Top of Data extract

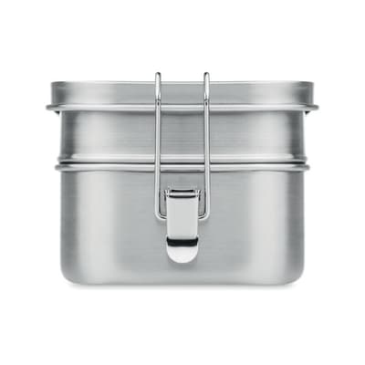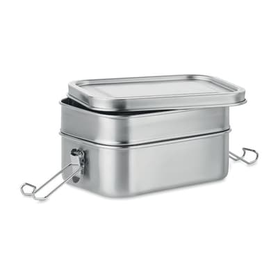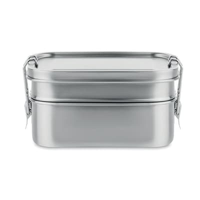 RVS lunchbox met 2 compartimenten en buckle sluiting aan de zijkanten. Inhoud 1200ml.
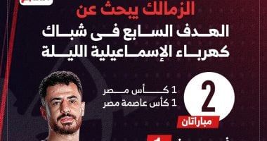 عزيزي الزائر أهلا وسهلا بك في موقع نيوز مصر نقدم لكم اليوم الزمالك يبحث عن الهدف السابع في شباك كهرباء الإسماعيلية الليلة.. إنفوجراف - بوابة نيوز مصر
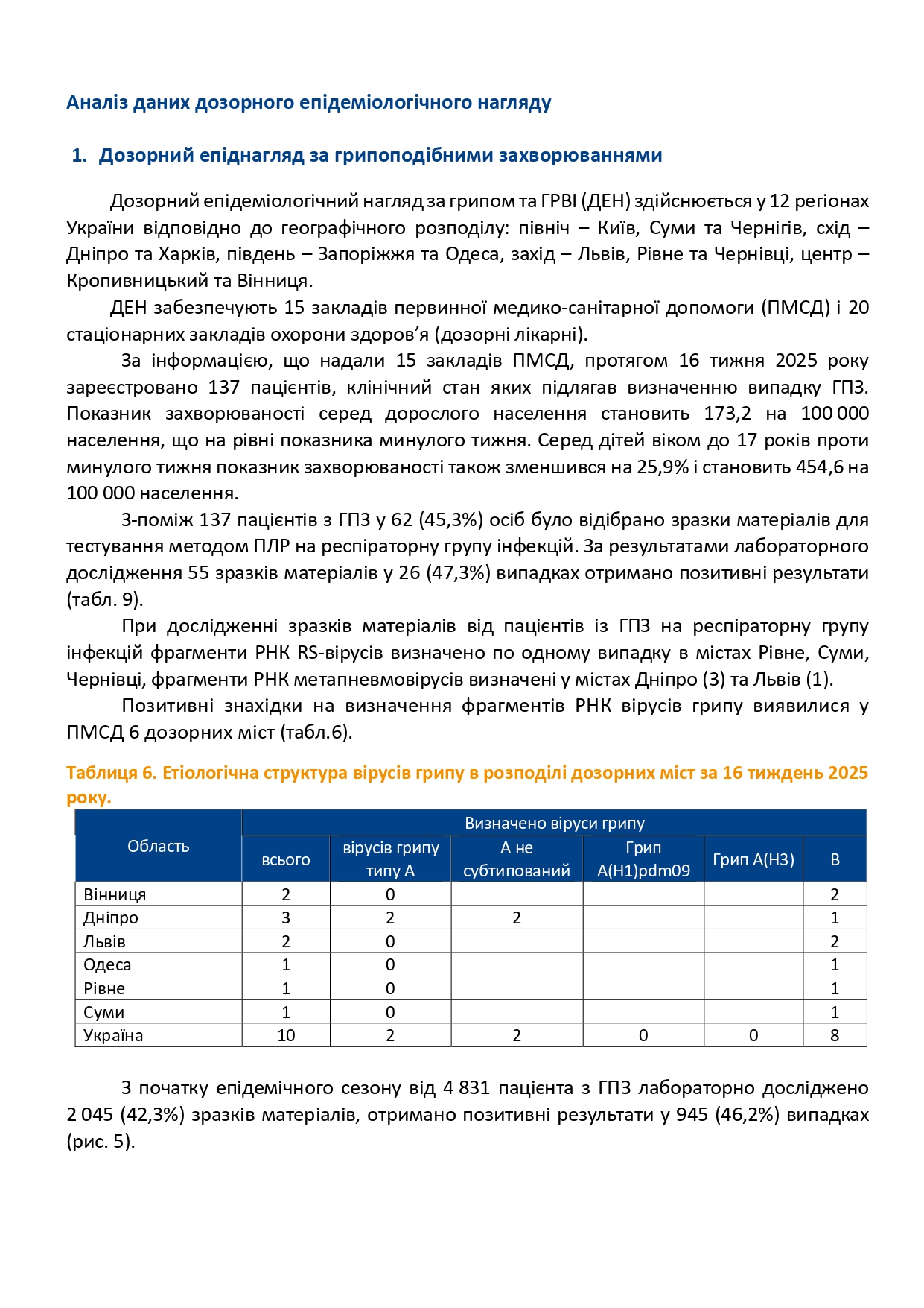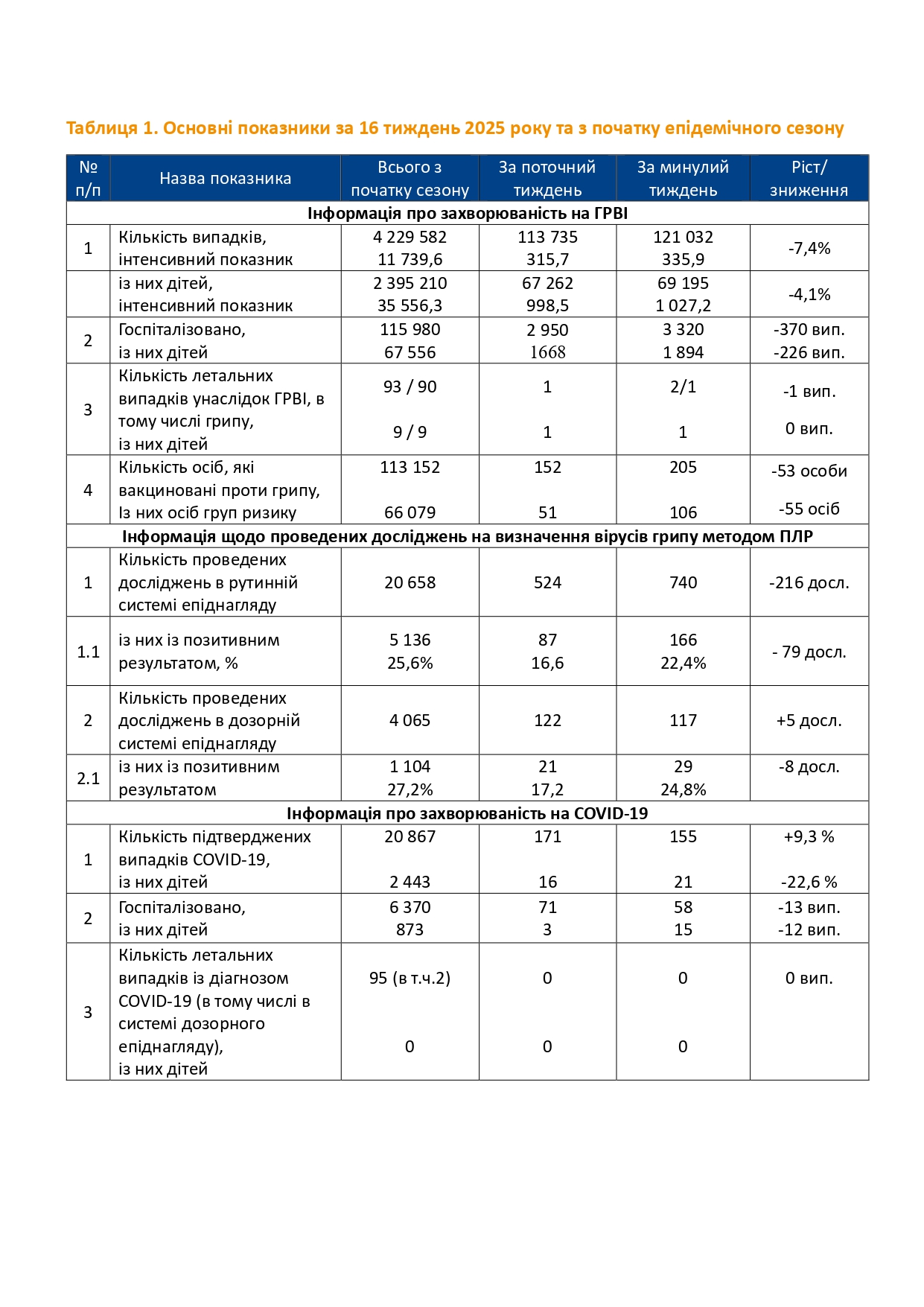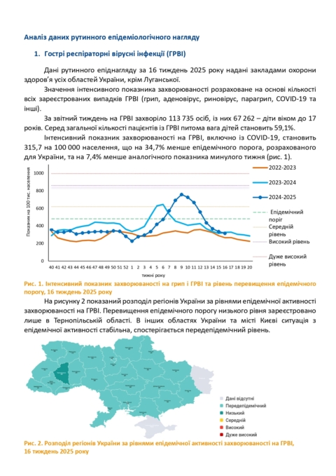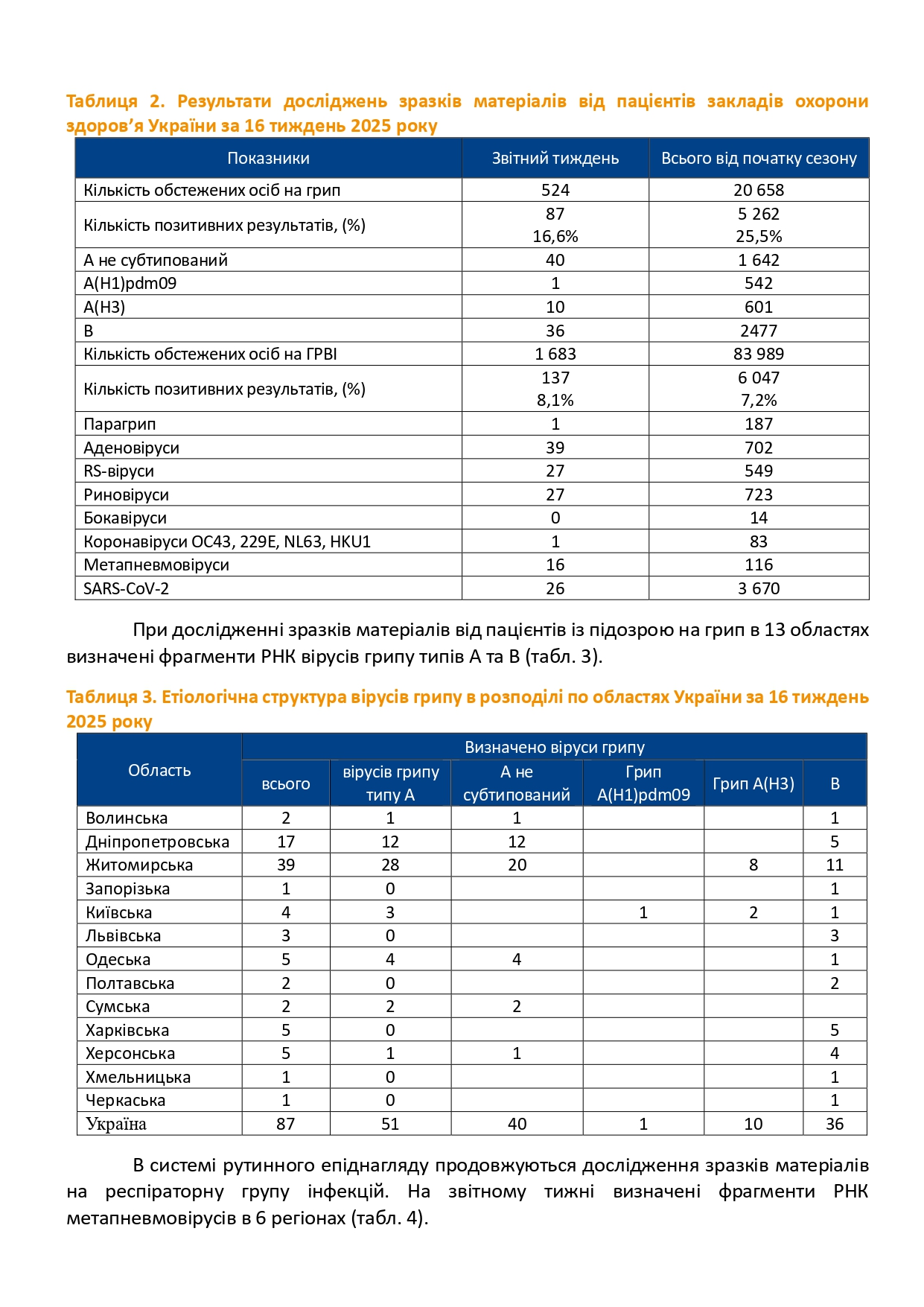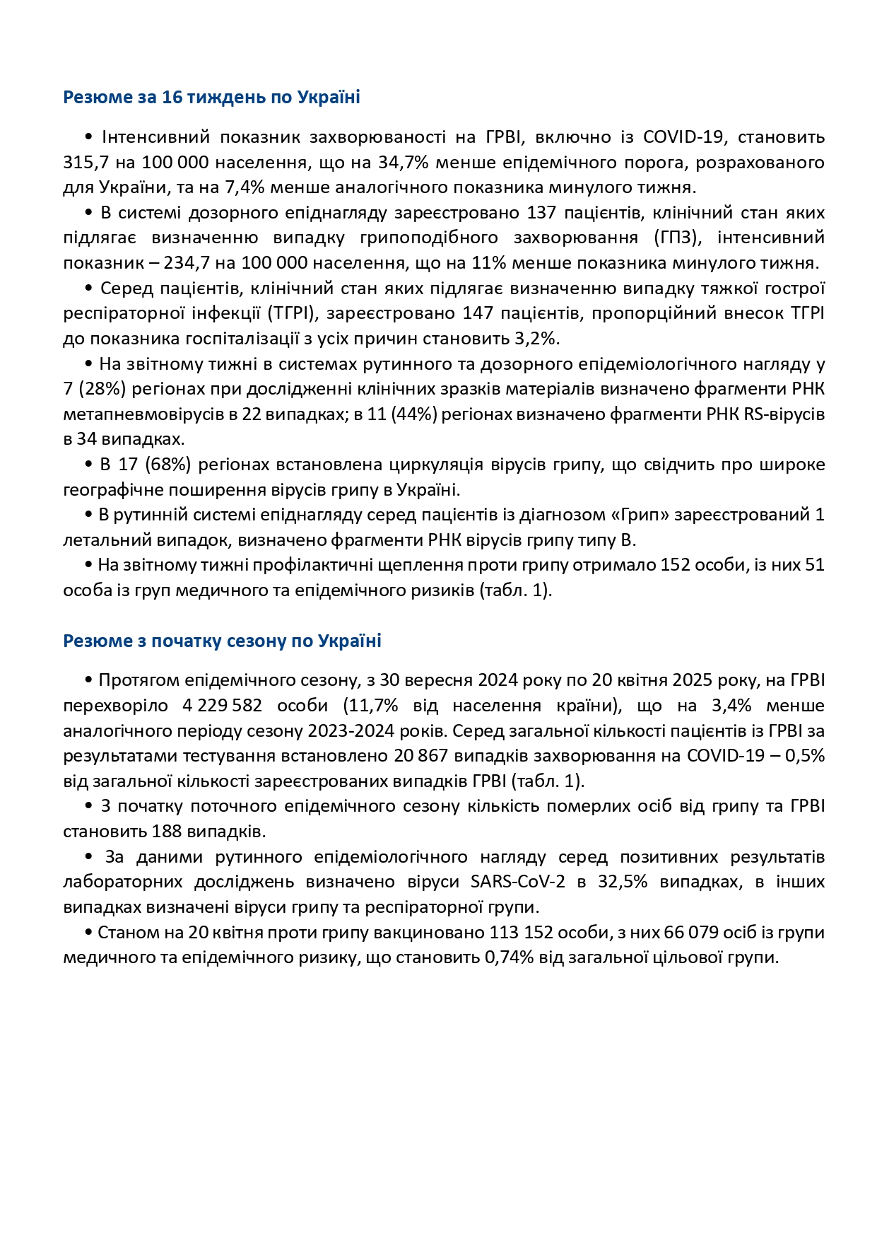 Інформаційний бюлетень “Грип та ГРВІ в Україні” за 16 тиждень (14-20 квітня 2025 року)

Bottom of Data extract

• Activity: What is needed is the full material, retyped unchanged, with no pictures in it.

• Exercise output:
 RVS lunchbox met 2 compartimenten en buckle sluiting aan de zijkanten. Inhoud 1200ml.
 عزيزي الزائر أهلا وسهلا بك في موقع نيوز مصر نقدم لكم اليوم الزمالك يبحث عن الهدف السابع في شباك كهرباء الإسماعيلية الليلة.. إنفوجراف - بوابة نيوز مصر
 Інформаційний бюлетень “Грип та ГРВІ в Україні” за 16 тиждень (14-20 квітня 2025 року)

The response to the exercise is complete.